We expect this algorithm to scale as $N_{particles}^2$; that is, the amount of work to be done goes up as the square of the number of particles. The things we’ve done so far haven’t changed that, although we have reduced the amount of work one needs to do per particle pair.

Can we do better? Is there a way to make the amount of work grow more slowly than $N_{particles}^2$?

Once again, knowledge of the problem domain and the algorithm is essential.

At large distances the force between two particles becomes extremely small, and the contribution of the pair to the potential energy likewise becomes small. There must be some distance beyond which all forces and potential-energy contributions are “effectively” zero. Recall that calc_pot and calc_force were expensive functions in the profile we made of the code earlier, so we can save time by not calculating these if the distance we compute is larger than some suitably-chosen $r_{cutoff}$.

Further optimizations can be made by avoiding to compute the distances for all pairs at every step - essentially by keeping neighbor lists and using the fact that particles travel only small distances during a certain number of steps. However, those are beyond the scope of this lesson and are well described in text-books, journal publications and technical manuals.

Spatial- (or Domain-) Decomposition

The scheme we’ve just described, where each particle is assigned to a fixed processor, is called the Force-Decomposition or Particle-Decomposition scheme.
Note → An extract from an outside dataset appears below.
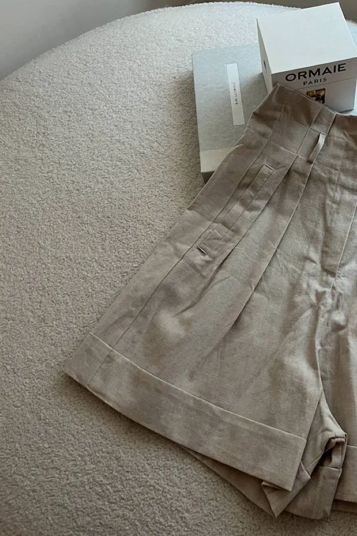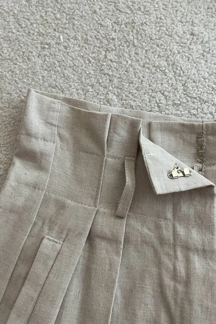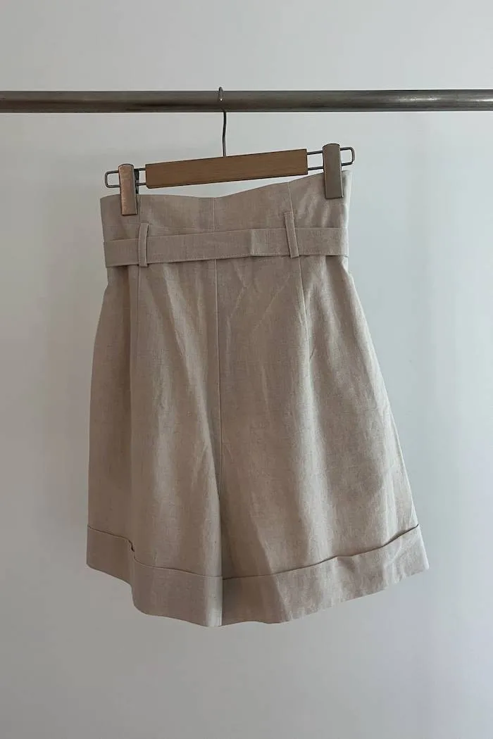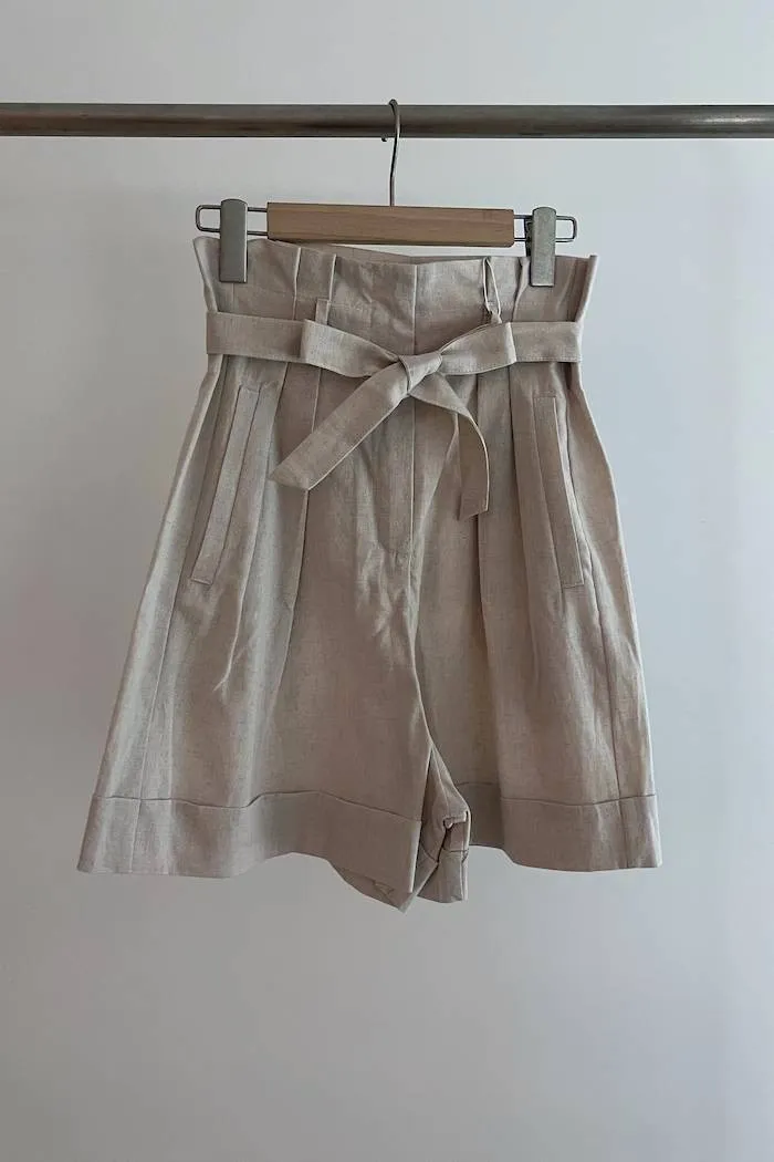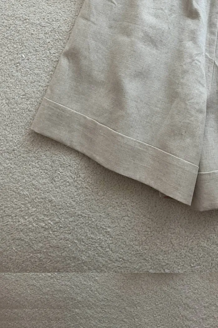 棉麻花苞反褶五分褲_附綁帶(杏S)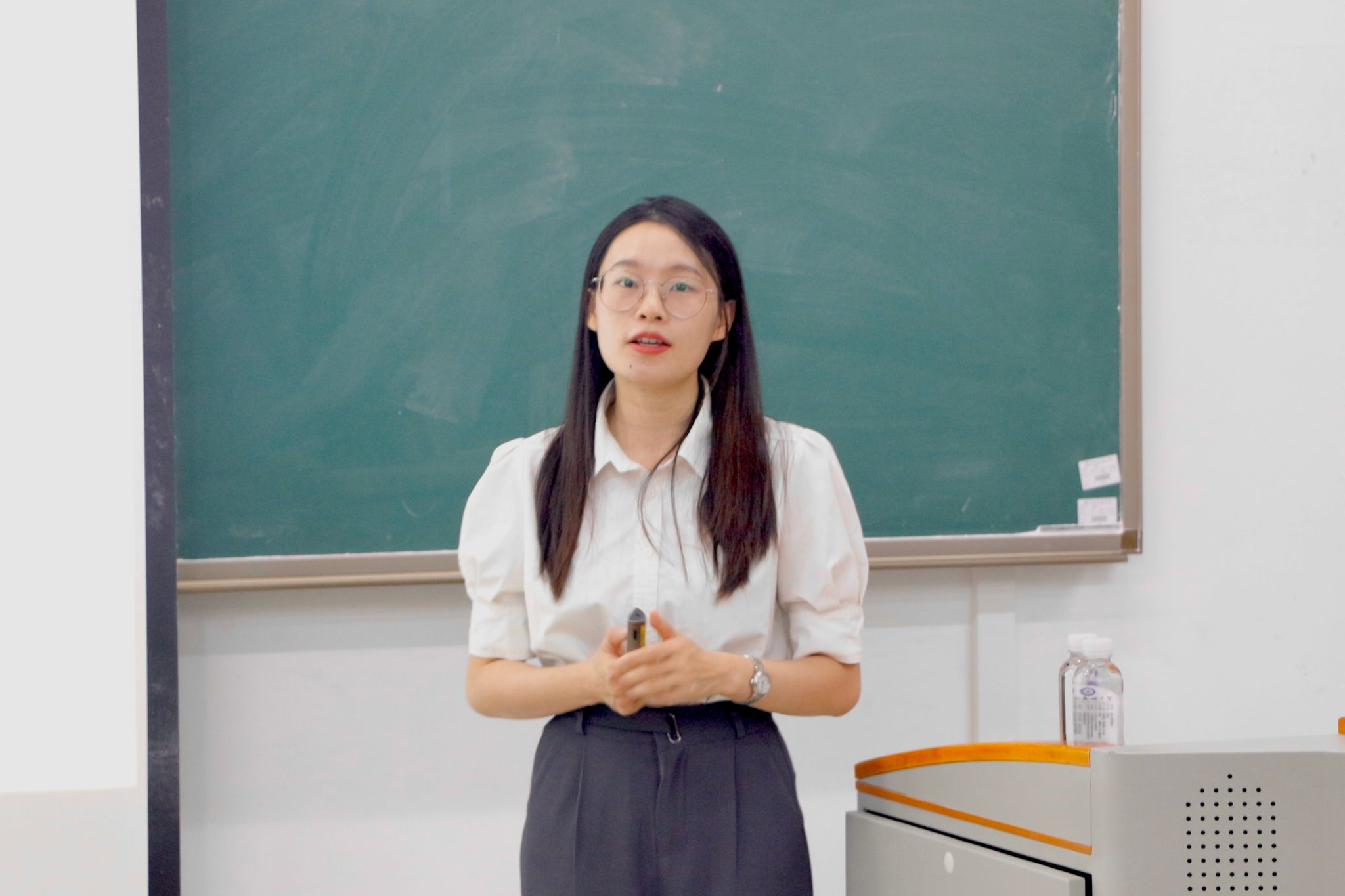 会上,莫霜露首先以播放宣传片的形式向同学们展示了公司背景,发展理念,经营模式,管理制度以及业务发展发向等方面内容。随后,她详细介绍了公司的就业前景,国际市场以及此次面向校园招聘的岗位及人员要求等信息。她强调,扬翔集团股份有限公司重视人才的培养和选拔,帮助员工不断提升技能和职业素养,致力于为员工提供广阔的职业前途和学习空间。针对同学们提出的问题,莫霜露进行了耐心地解答,并鼓励同学们积极参与公司的面试,现场气氛热烈。

When simulating large numbers of particles (~ 10⁵) and using many processors, communicating the updated coordinates, forces, etc., every timestep can become a bottle-neck with this scheme.

To reduce the amount of communication between processors we can partition the simulation box along its axes into smaller domains. The particles are then assigned to processors depending on in which domain they are currently located. This way many pair-interactions will be local within the same domain and therefore handled by the same processor. For pairs of particles that are not located in the same domain, we can use e.g. the “eighth shell” method in which a processor handles those pairs in which the second particle is located only in the positive direction of the dimensions, as illustrated below.

Domain Decomposition using Eight-Shell method

eighth shell domain decomposition

In this way, each domain only needs to communicate with neighboring domains in one direction— as long as the shortest dimension of a domain is larger than the longest cut-off distance.

Domain Decomposition not only applies to Molecular Dynamics (MD) but also to Computational Fluid Dynamics (CFD), Finite Elements methods, Climate- & Weather simulations and many more.

MD Literature:

Larsson P, Hess B, Lindahl E.; Algorithm improvements for molecular dynamics simulations.
Wiley Interdisciplinary Reviews: Computational Molecular Science 2011; 1: 93–108. doi:10.1002/wcms.3
Allen MP, Tildesley DJ; Computer Simulation of Liquids. Second Edition. Oxford University Press; 2017.
Frenkel D, Smit B; Understanding Molecular Simulation: From Algorithms to Applications. 2nd Edition. Academic Press; 2001.

Load Distribution

Generally speaking, the goal is to distribute the work across the available resources (processors) as evenly as possible, as this will result in the shortest amount of time and avoids some resources being left unused.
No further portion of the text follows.